Hello folks. Hope you are having a good time. I wanted to share my solution to CodeChef June '17 problem  PRMQ. Though there might be many solutions possible to this problem, I will walk you through a Segment-Tree solution for this.

Approach

There are nearly 78,000 prime numbers between 1 and 10^6, so in worst case a number in this query range L to R can have maximum of 8 prime numbers as the number of factors. Why 8 see 2*3*5*7*11*13*17*19 > 10^6 .

And the root node can have maximum of 78,000 nodes with each prime number in the leaf node merging to form the root node.

Now let us think what we should store in a node of segment tree. We may need the following information:-
1. The element of the array so as to compute their prime factors.
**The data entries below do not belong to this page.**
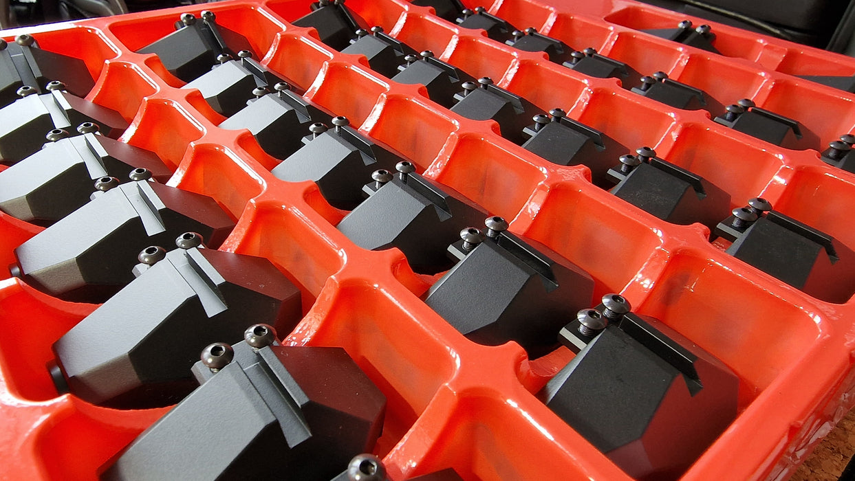 - Wkładka główna przeszła 12 iteracji projektowych, zanim osiągnęła ostateczną formę, którą obrabiamy CNC na miejscu z aluminiowego bloku 6082 w 5 operacjach. Zawiera oryginalną podkładkę amortyzującą Sorbothane, którą sprowadziliśmy z USA.
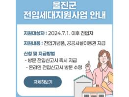 울진군은 2024년 7월 1일부터 시행 중인‘울진군 전입세대지원 사업’을 2026년에도 지속 추진한다. 이 사업은 울진군으로 전입한 세대에게 전입을 축하하는 기념품과 공공시설이용권을 지급함으로써 우리
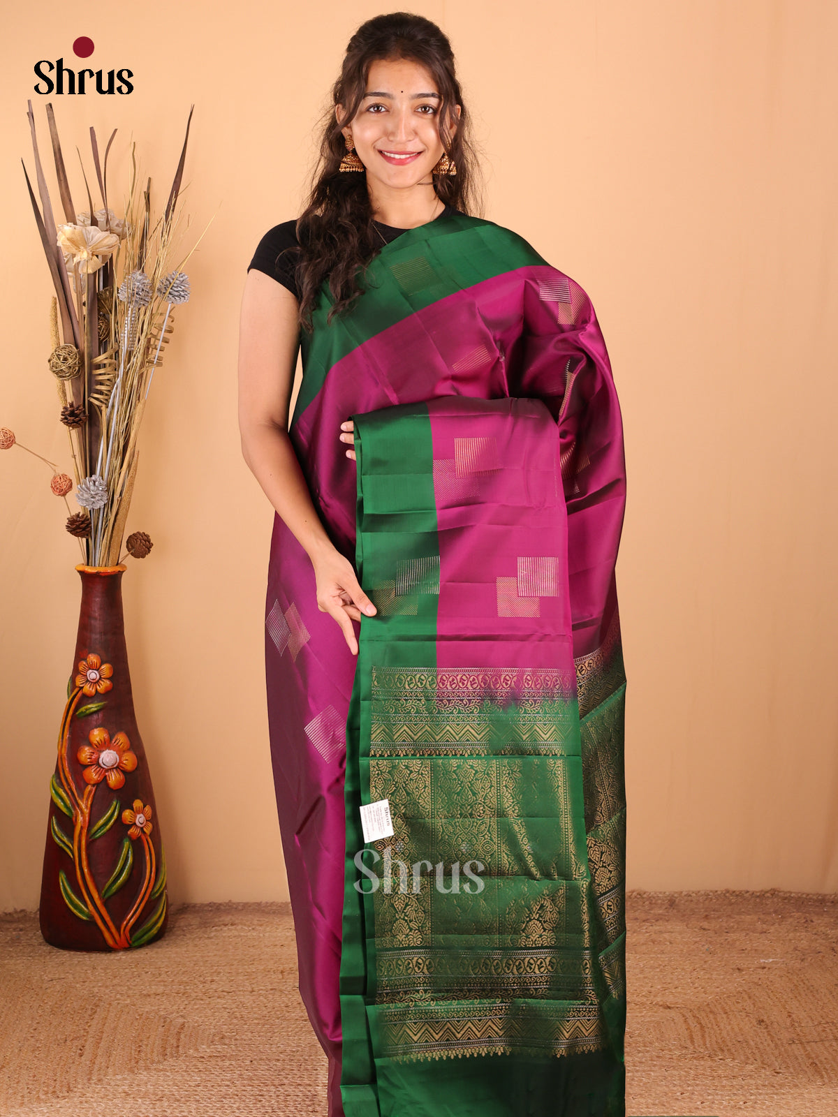 Purple with Green - DDS15176 - Softsilk-halfpure Saree

2. Some way to combine the factors of each element as key and their count as value,
suppose we are having 2 elements say 8 and 9 so when we merge these node in the tree, we have got 2 as a factor with count 3 and 3 as a factor with count 2 in the merged node.

We now have count of respective prime factors stored in sorted manner in the merged node. If we iterate through every valid value in range X to Y,  we will be iterating over at min(Y-X+1 , number of prime numbers as factors) * log (N), where N is number of elements in array.
This is pretty costly and motivates us to store prefix count of prime factors as well, isn't it?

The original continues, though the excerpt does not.